Figure 25. Buck system (in continuous mode)

“Buck” means voltage step down. The buck converter is a step-down converter that performs rectifying by means of a diode; it is a representative system used in non-isolated step-down switching DC/DC converters. In the world of DC/DC converters, the buck converter is often referred to as a diode-rectifying or asynchronous converter. Compared with the forward system discussed previously, because no transformer is used in a buck converter, the primary and secondary sides are not isolated from each other. In applications where isolated is not needed, this system, which does not use a transformer, provides a simple solution. In the buck system, not requiring voltage regulation by a transformer, the output voltage is determined solely by controls performed by a MOSFET. For this reason, feedback from the output is always required (omitted in the figure).

Figure 26

Figure 26

A characteristic of the buck system is first of all a simple configuration. For creating small-power power supplies, the buck system is more advantageous than the flyback system in cost, which accounts for the increased use of buck systems in power supplies for home appliance microcomputer devices. Because power is transmitted not through a transformer, however, the buck system produces more current flowing into a switching element than the flyback system for the same output power. Consequently, the buck system is used mainly in low-power applications rather than in large-output power situations.

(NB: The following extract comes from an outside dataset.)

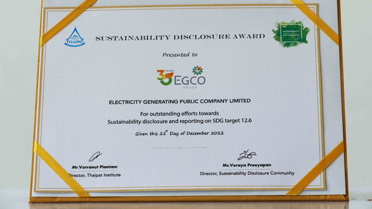บริษัท ผลิตไฟฟ้า จำกัด (มหาชน) หรือ เอ็กโก กรุ๊ป รับรางวัลเกียรติคุณ “Sustainability Disclosure Award 2022” หรือ “การเปิดเผยข้อมูลความยั่งยืน ประจำปี 2565” ต่อเนื่องเป็นปีที่ 4 จากสถาบันไทยพัฒน์ ตอกย้ำจุดยืนด้านการเปิดเผยข้อมูล ESG (Environmental, Social and Governance) ต่อสาธารณชนอย่างโปร่งใส เพื่อประโยชน์สูงสุดของผู้มีส่วนได้เสียทุกฝ่าย โดยนางสาวกุลกนก เหลืองสร้อยทอง ผู้จัดการฝ่ายเลขานุการบริษัท เอ็กโก กรุ๊ป เป็นผู้แทนองค์กร เข้ารับรางวัลดังกล่าว จากนางสาววีรญา ปรียาพันธ์ ผู้อำนวยการ ประชาคมการเปิดเผยข้อมูลความยั่งยืน (Sustainability Disclosure Community) สถาบันไทยพัฒน์ ในพิธีมอบรางวัลการเปิดเผยข้อมูลความยั่งยืน ประจำปี 2565 ที่จัดขึ้น ณ หอศิลปวัฒนธรรมแห่งกรุงเทพมหานคร เมื่อเร็ว ๆ นี้

Figure 27. Buck system. Waveforms for the various components

Figure 27. Buck system. Waveforms for the various components

The buck system operates virtually in the same way as the forward system. The system features a circuit in which the transformer is removed from the forward system and the D1 is replaced by a MOSFET. When the MOSFET turns on, a current flows to the load through an inductor, and energy is accumulated in the inductor as well. During this operation, the diode remains off. When the MOSFET turns off, the energy stored in the inductor is supplied to the load through diode D2. The MOSFET turns on and off, as in the case of diode D1 in a forward converter.

Figure 28

Figure 28

When used in the switching system for AC/DC conversions, the buck system is limited to applications requiring a non-isolated power supply. Relative to the transformer system, the buck system offers the easiest-to-use switching DC/DC converter. Although more costly than the linear regulator due to an increased number of parts required, the buck system permits enhanced efficiency while keeping the advantages of the transformer method intact. In terms of efficiency with respect to the AC input, however, the buck system compares less favorably than the switching system-based AC/DC conversion configuration.

Key Points:

・Except for the lack of a transformer, the buck system parallels the forward type and it represents the basic form of a non-isolated DC/DC converter.